While I don’t carry a device, I do borrow Vicky’s and enjoy reclining on the couch checking Facebook and also a new vice: reading blogs.

Chris Trotter is well known and writes very insightfully and well. Karl du Fresne is excellent and often a breath of fresh air. Martyn Bradbury is a raving lefty, sometimes vile, but his best role is the excoriation he delivers to the woke. I do read some others also – we cannot rely on main stream media to keep us informed.

These three bloggers share a common value: a commitment to the principles of free speech as being fundamental for the proper functioning of a liberal democracy. If somebody is offended, so what?

Meanwhile, farming just carries on.

An autumn highlight for me was to become Andrew the apple picker. The local orchard was desperate for help and a message came via Fed Farmers looking for labour.

I spent a week on the job and thoroughly enjoyed it.
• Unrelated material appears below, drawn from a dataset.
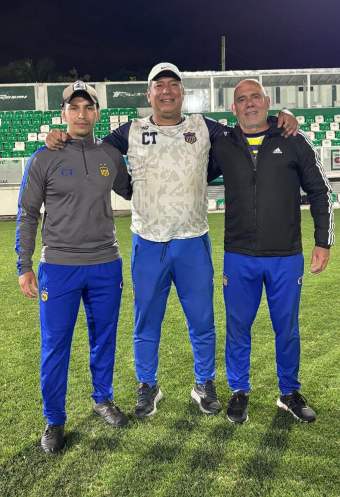 Fabricio Gaguero (PF), Luis Palhao (DT) y el «Gurí» Millan (ayudante técnico)

The pleasure was working together with a diverse group of people. Quite a few had lost better-paying jobs because they were anti-vaxers. The political classes might have demonised them, but they were good company. I was impressed by the efforts of two guys in their 70s. I was less impressed by the young man who regularly picked less than the woman who was 62 years old.
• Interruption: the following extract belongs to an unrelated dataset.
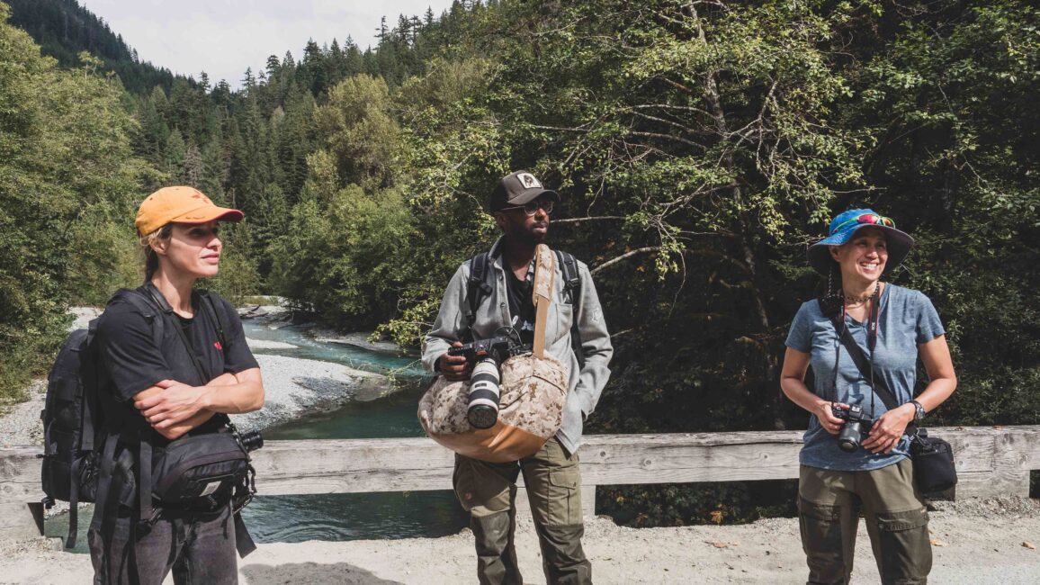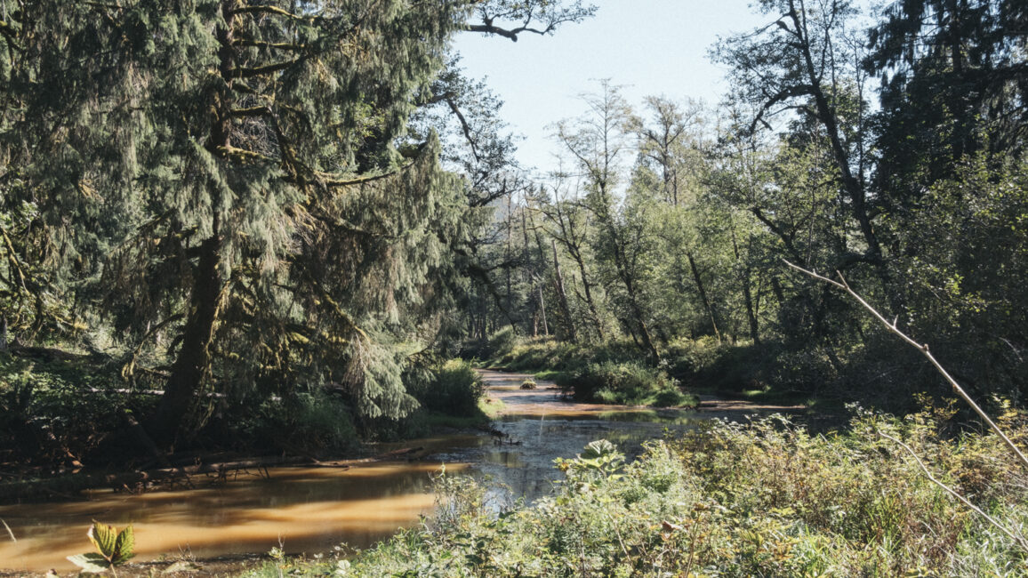 Au cours de leur visite, ils ont exploré le Red Slough, une rivière peu profonde caractérisée par des eaux et des berges rouges attribuables à de fortes concentrations de fer. Les chercheurs et les écologistes travaillant dans la région estiment que la construction d’une route principale en réponse à l’intensification de l’exploitation forestière dans la région dans les années 1950 a coupé le Red Slough de sa source, la rivière Pitt. La réduction du débit de l’eau a entraîné une baisse des niveaux d’oxygène, entraînant l’accumulation de dépôts de fer et donnant à l’eau une couleur rouge foncé, d’où le nom de « Red Slough » (marécage rouge). Cette perturbation a entraîné la mort des saumons qui tentaient d’y frayer et a fait perdre au canal sa capacité à servir d’habitat sain pour la faune et la flore.

Another highlight was a party of 13 people, mostly farming types, crossing the main divide at the head of the Rangitata river and then rafting out the Perth/Whataroa river to the West Coast. We headed off in the face of a dodgy forecast and spent our first night in tents at about 5000 feet (about 1500 metres).

The weather came in and the wind roared all night, the tents flapping and one blowing away. There was very little sleep and we had to retreat down for a day until things improved. It may seem strange to readers, but that was great fun. The rafting section was in the hands of very competent guides and a day on a serious river. It was my first time rafting and great fun.

My new hero [ine] is Nadia Lim for advocating a positive story about farming and our products.